NLA colleagues who may be interested in assessment issues,

The long message cross-posted below from the NIFL-assessment list, 
written by my Massachusetts colleague, Kevin O'Connor, is not focused on 
public policy. Yet, because the Workforce Investment Act (WIA) has 
required accountability from a field that does not yet have adequate 
accountability tools, it >is< about public policy.

Kevin writes about the BEST test, a standardized ESL assessment designed 
for adults, widely regarded as one of the better standardized 
assessments.  Yet, he points out how inadequate and mis-used it is. 
This is not a criticism of the test developer -- indeed, the test is 
being revised now and that is why Kevin has raised the issues -- nor 
necessarily of the states that have chosen to use the BEST test.  In my 
view, the kinds of issues Kevin raises point to the shortsightedness of 
Congress and the U.S. Department of Education in requiring the 
implementation of high-stakes standardized assessment in a 
long-marginalized field which does not yet have the tools and resources 
needed to do this job well.

In my testimony last week on WIA, Title II, at a U.S. Department of 
Education public meeting in Nashua, New Hampshire, I said the U.S. 
Department of Education should not make decisions based on these data. 
We do not have valid assessments for the full range of skills that are 
currently required to be assessed.  And I said I thought that it is the 
responsibility of the U.S. Department of Education to pay for developing 
these needed assessments out of their national programs funding (not the 
funding which goes to the states for adult education services.)

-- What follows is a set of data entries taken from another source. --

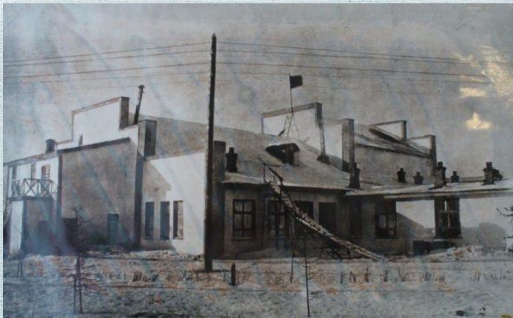
Комсомольский-на-Амуре драматический театр. 30-е гг.

и одновременно играл в спектаклях. В 1939 году за исполнение роли японца в пьесе Н. Погодина «Падь серебряная» Задорнов получил благодарность и грамоту от командования корпусом военно-строительных частей, а в 1940-м году был премирован и получил благодарность за работу по подготовке пьесы «Человек с ружьём».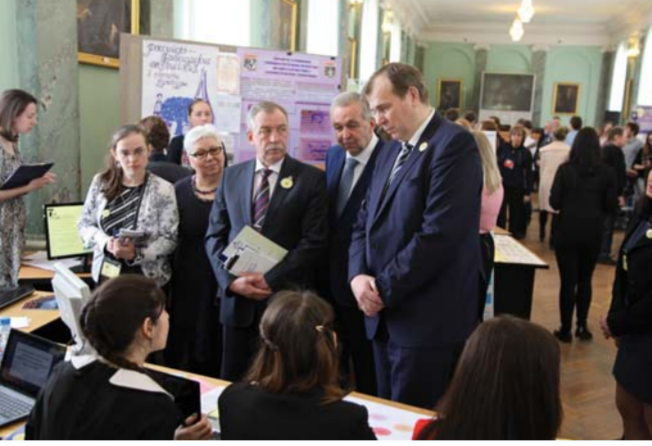
Смотр выставки научных разработок аспирантов и студентов в Голубом зале

В номинации «Учебно-методический комплекс, учебник, разработка для системы общего образования» дипломами первой степени награждены: — доцент кафедры олигофрено-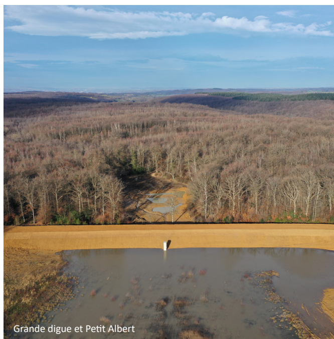
Grande digue et Petit Albert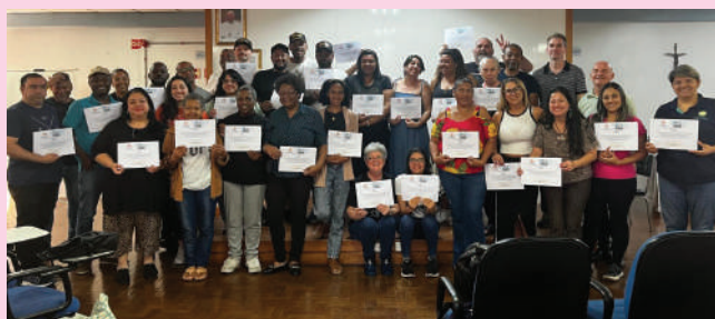
Proposta visa qualificar a gestão das entidades

Na última semana de outubro, o Mensageiro da Caridade realizou o Curso de Coordena-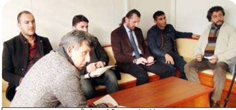
İhaleye 4 firmanın katıldı.

Çevreyoluna yapılması planlanan 15 bin kişi kapasiteli stadyum projenin yapım işini ihalesi, Belediye İhale Salonunda gerçekleştirildi. Fikret Karacaköylü başkanlığında yapılan ihale tapalı zarf usulü gerçekleştirildi. 4 firmanın katıldığı ihalede, en düşük teklifi 50 Milyon 900 bin lira ile Özen-El İnşaat verirken, ikinci düşük teklif 59 Milyon 900 bin lira, Çakır İnşaat'tan geldi. İhalede Alke İnşaat-Güneşyol İnşaat iş ortaklığı 62 Milyon 888 bin lira, Nuhoglu İnşaat-Dalgıçlar İnşaat iş ortaklığı ise 76 milyon 900 bin lira teklif verdi. İhale komisyonu başkanı Fikret Karacaköylü yaklaşık maliyeti 66 Milyon 953 bin lira olan stadyum inşaatı ihalesinde firmalar tarafından verilen teklif dosyalarının incelenerek önümüzdeki günlerde kararın açıklanacağını bildirdi. (Haluk SÖYLEMEZ)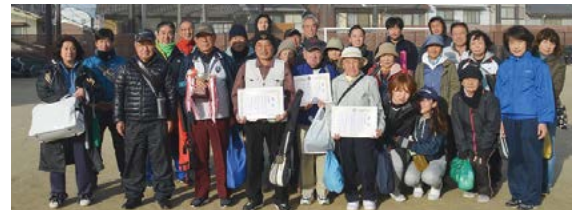
総合優勝 今熊野学区のみなさん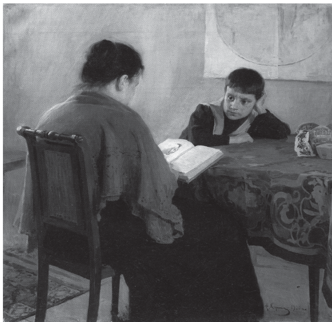
За книгой (Увлекательное чтение). 1900 г. Худ. А. Корин.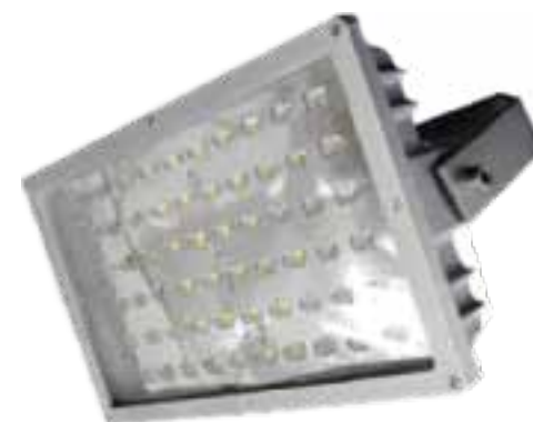
LAH-D02800 / LAH-D03200

PRODUCTOS: Fabricados por la más alta calidad de los materiales a través de la prueba del envejecimiento certificados CE/IEC/ROHS/ISO9000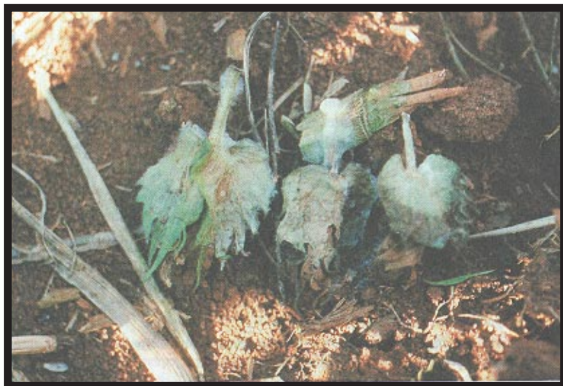
FIG. 1. Maçãs de algodoeiro Deltapine infectadas por Sclerotinia sclerotiorum .

Amostras de plantas de algodão foram coletadas no campo e levadas para análise no laboratório de Fitopatologia da Embrapa-Centro de Pesquisa Agropecuária dos Cerrados (CPAC). A partir do tecido infectado, foi feito

I got an encouraging response.  Hans Meeder, representing the U.S. 
Department of Education at the meeting, asked me how much it would cost. 
  I said "millions," but I wonder if there might be some NLA colleagues 
who have a more precise answer to this question.  If you do, please 
e-mail Hans Meeder at <hans.meeder at ed.gov> .  He wants to know what 
standardized assessments we need and how much it will cost to do a good 
job developing them.

Also, if you want to see my full testimony, let me know and I'll e-mail 
you a copy.

David J. Rosen
<DJRosen at theworld.com>




-------- Original Message --------
Subject: [NIFL-ASSESSMENT:220] RE: Level 3 SPL
Date: Tue, 22 Oct 2002 14:31:41 -0400 (EDT)
From: "Kevin O'Connor" <koconnor at framingham.k12.ma.us>
Reply-To: nifl-assessment at nifl.gov
To: Multiple recipients of list <nifl-assessment at literacy.nifl.gov>

Sandra, I based this on what I learned for the Standards of Educational 
and Psychological Testing.  It is the Rosetta Stone for 
psycholinguistics.  Sorry it's so long, but I really wanted to make this 
more than another gripe piece, but not an impenetrable mass of 
"assessment-speak".

Questioning validity: Realigning the BEST test with the NRS descriptors

The BEST Oral Test was developed in the 1980's through the Office of 
Refugee Resettlement and Department of Health and Human Services to help 
measure the life skills of Asian immigrants who were coming to the U.S. 
  Since then, it has been adopted as a placement tool by many programs 
across the country.  In recent years, it has been mandated by several 
states through Department of Education as a measure of educational 
gains.  The BEST is a venerable and respected tool, but I believe that 
its use has grown beyond the original framework.  Today it is being used 
to test linguistic domains that are different from its designed, and 
with a population far beyond the designers' expectations.  I understand 
that here is a revision being developed by the Center for Applied 
Linguistics, and I hope that they will consider some of my following 
concerns to help produce a valid version of the test.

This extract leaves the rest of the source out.